Data excerpts:
>>>
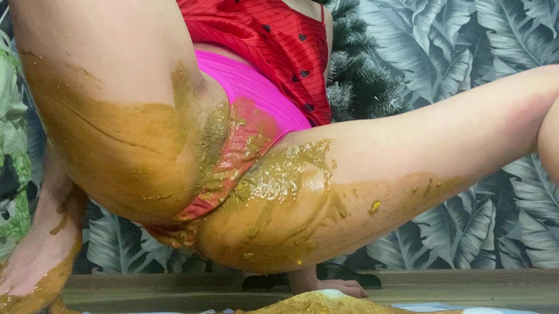 Liquid diarrhea in pink panties and smearing...
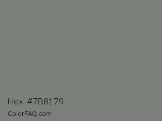 Hex #7b8179 Color is a normal green color and the nearest color is Friar Gray #807e79. Hex code #7b8179 and RGB value is rgb(123,129,121). In RGB color space, this color is composed of 48% red, 51% green, 47% blue, In CMYK color space, this color is composed of 5% cyan, 0% magenta, 6% yellow , 49% black , In HSL color space, this color has a hue angle of 105° , 3% saturation and 49% lightness.
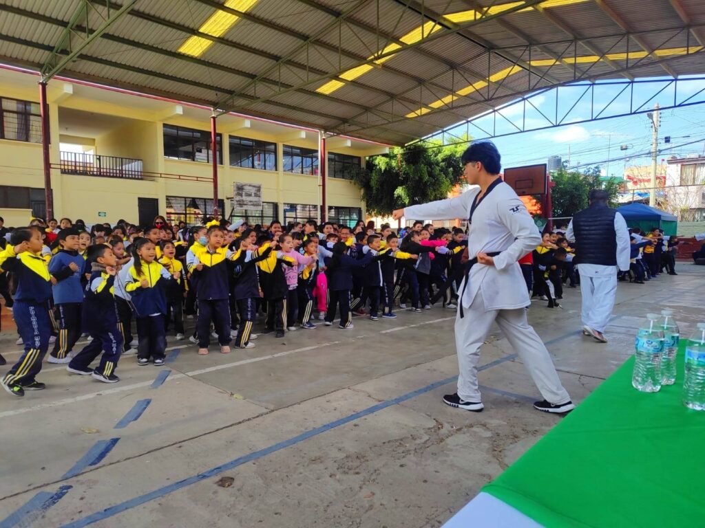 Guerrero Salas, señaló que como parte de las actividades, se realizaron dinámicas recreativas y deportivas y la participación del grupo Talentos Taekwondo KAT’5, quienes ofrecieron una exhibición y una sesión masiva de este arte marcial, lo que permitió que las y los alumnos conocieran más sobre esta disciplina y sus beneficios para el desarrollo físico, mental y emocional.
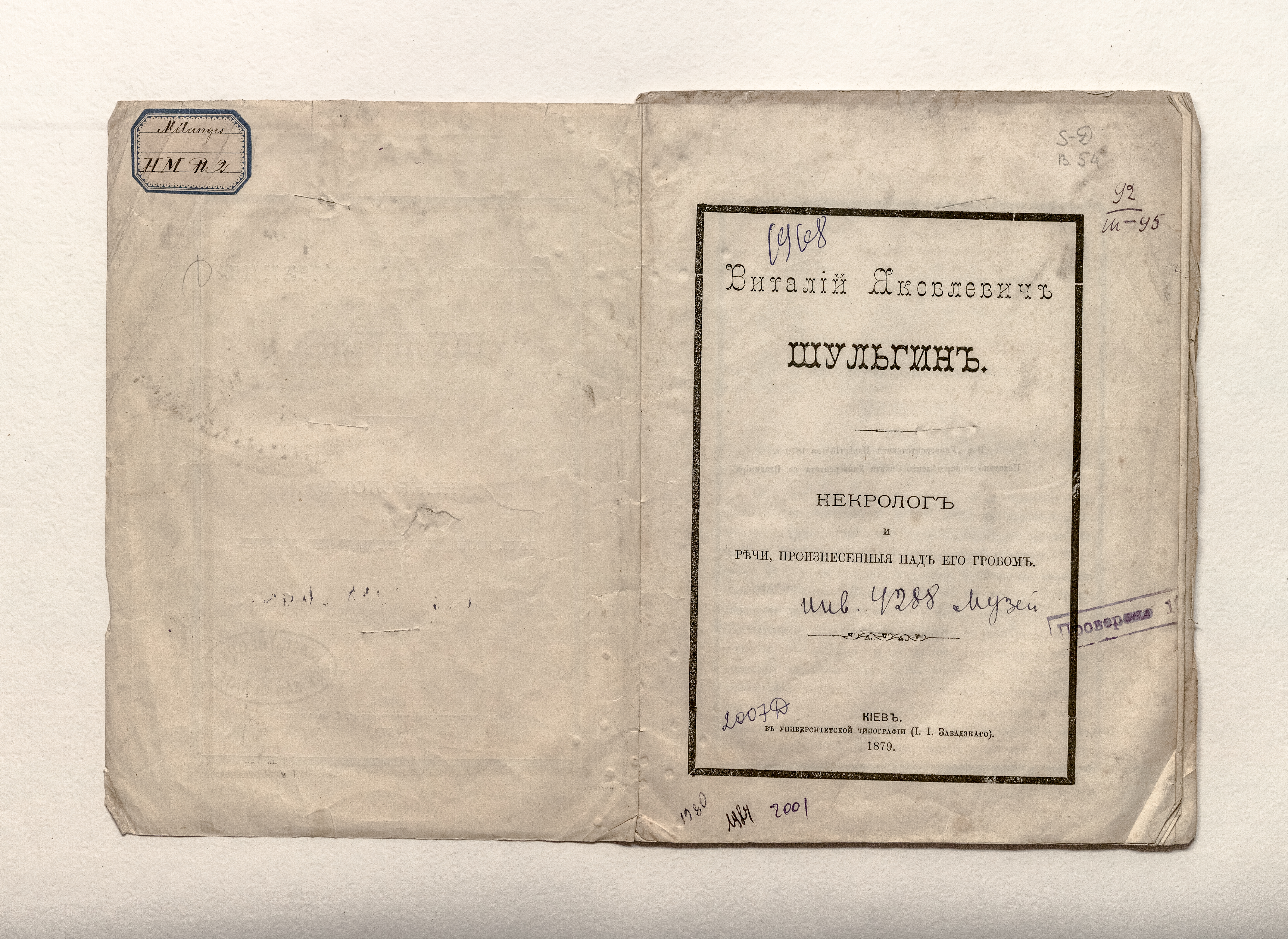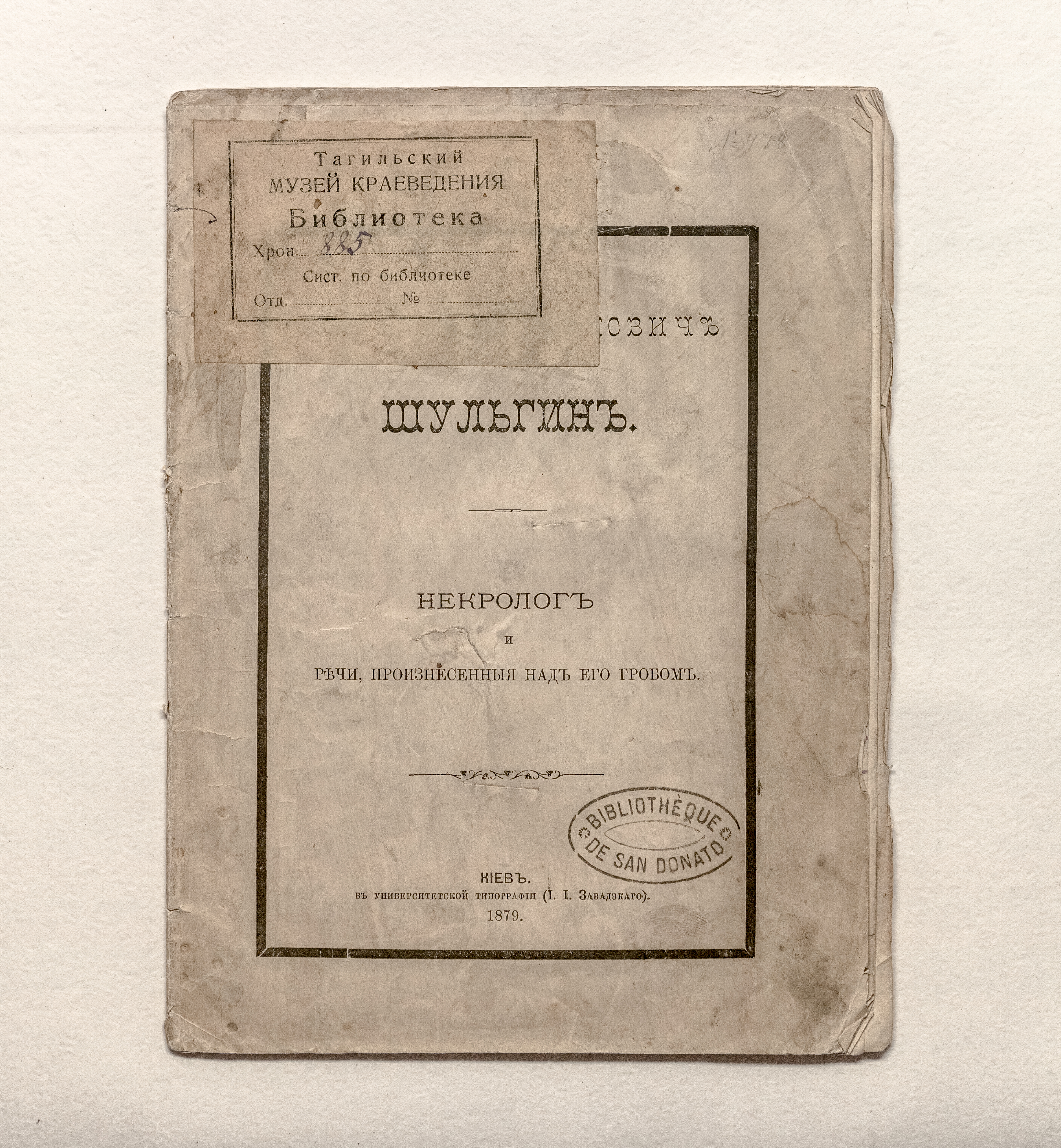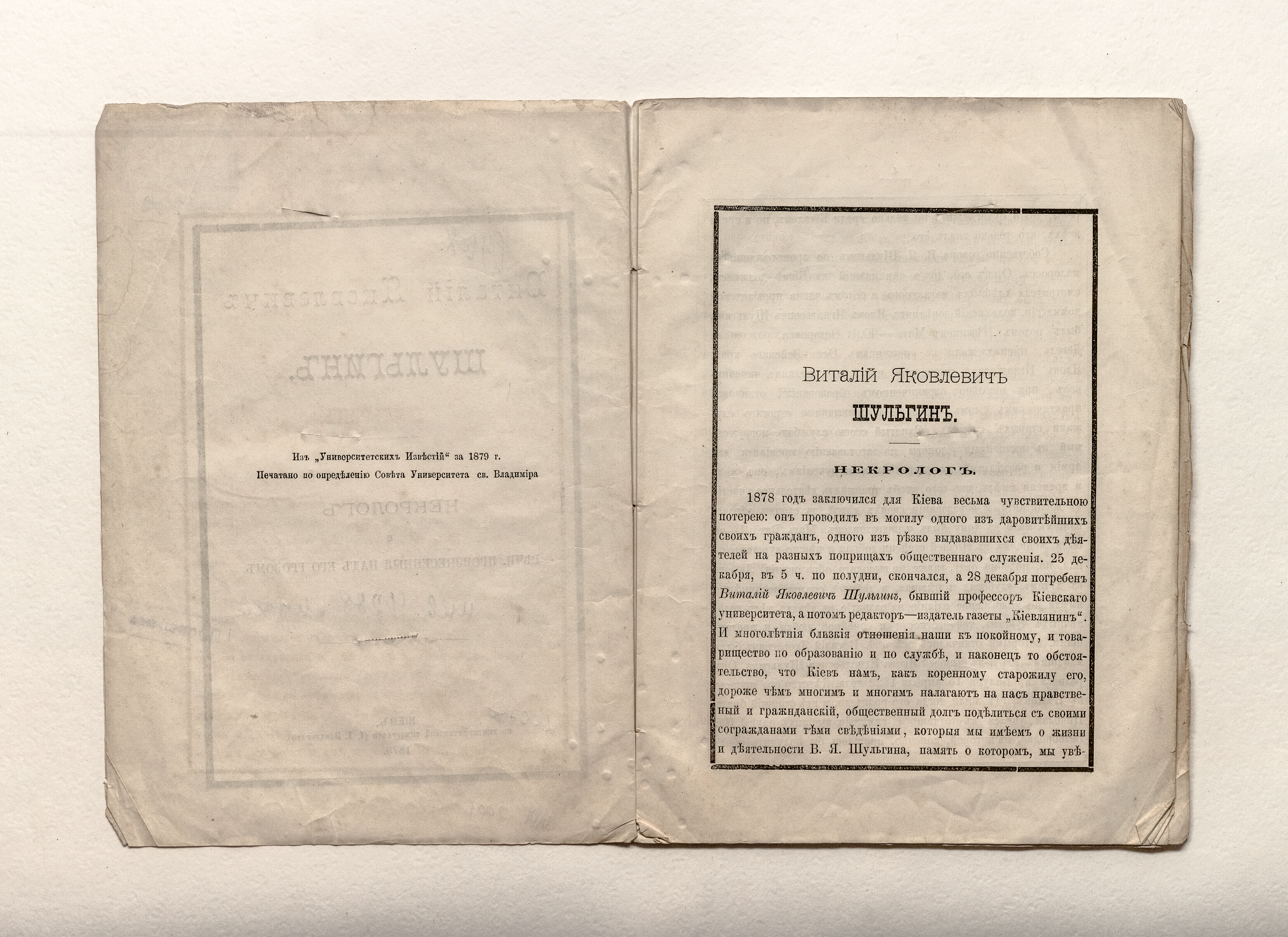 Линниченко, А. И. (1822 – 1888). Виталий Яковлевич Шульгин : Некролог и речи, произнесенные над его гробом. – Киев : Унив. тип., 1879. – 40 с. ; 22х16 см.
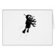Un robot volant noir. L'art robot de l'enfant. Dessin original.
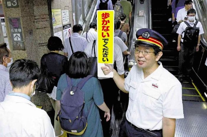 Nhân viên nhà ga cầm biển báo khuyến cáo hành khách đi an toàn trên thang cuốn. Ảnh: Japan News
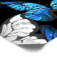 Realistic, blue and white butterflies seamless pattern on black background.
<<<
## [Description of the task]
Only the lines from the one with "Линниченко, А. И." through the end of the data, both ends included, should be written out exactly, and no pictures should appear.

## [Solved exercise]
 Линниченко, А. И. (1822 – 1888). Виталий Яковлевич Шульгин : Некролог и речи, произнесенные над его гробом. – Киев : Унив. тип., 1879. – 40 с. ; 22х16 см.
Un robot volant noir. L'art robot de l'enfant. Dessin original.
 Nhân viên nhà ga cầm biển báo khuyến cáo hành khách đi an toàn trên thang cuốn. Ảnh: Japan News
 Realistic, blue and white butterflies seamless pattern on black background.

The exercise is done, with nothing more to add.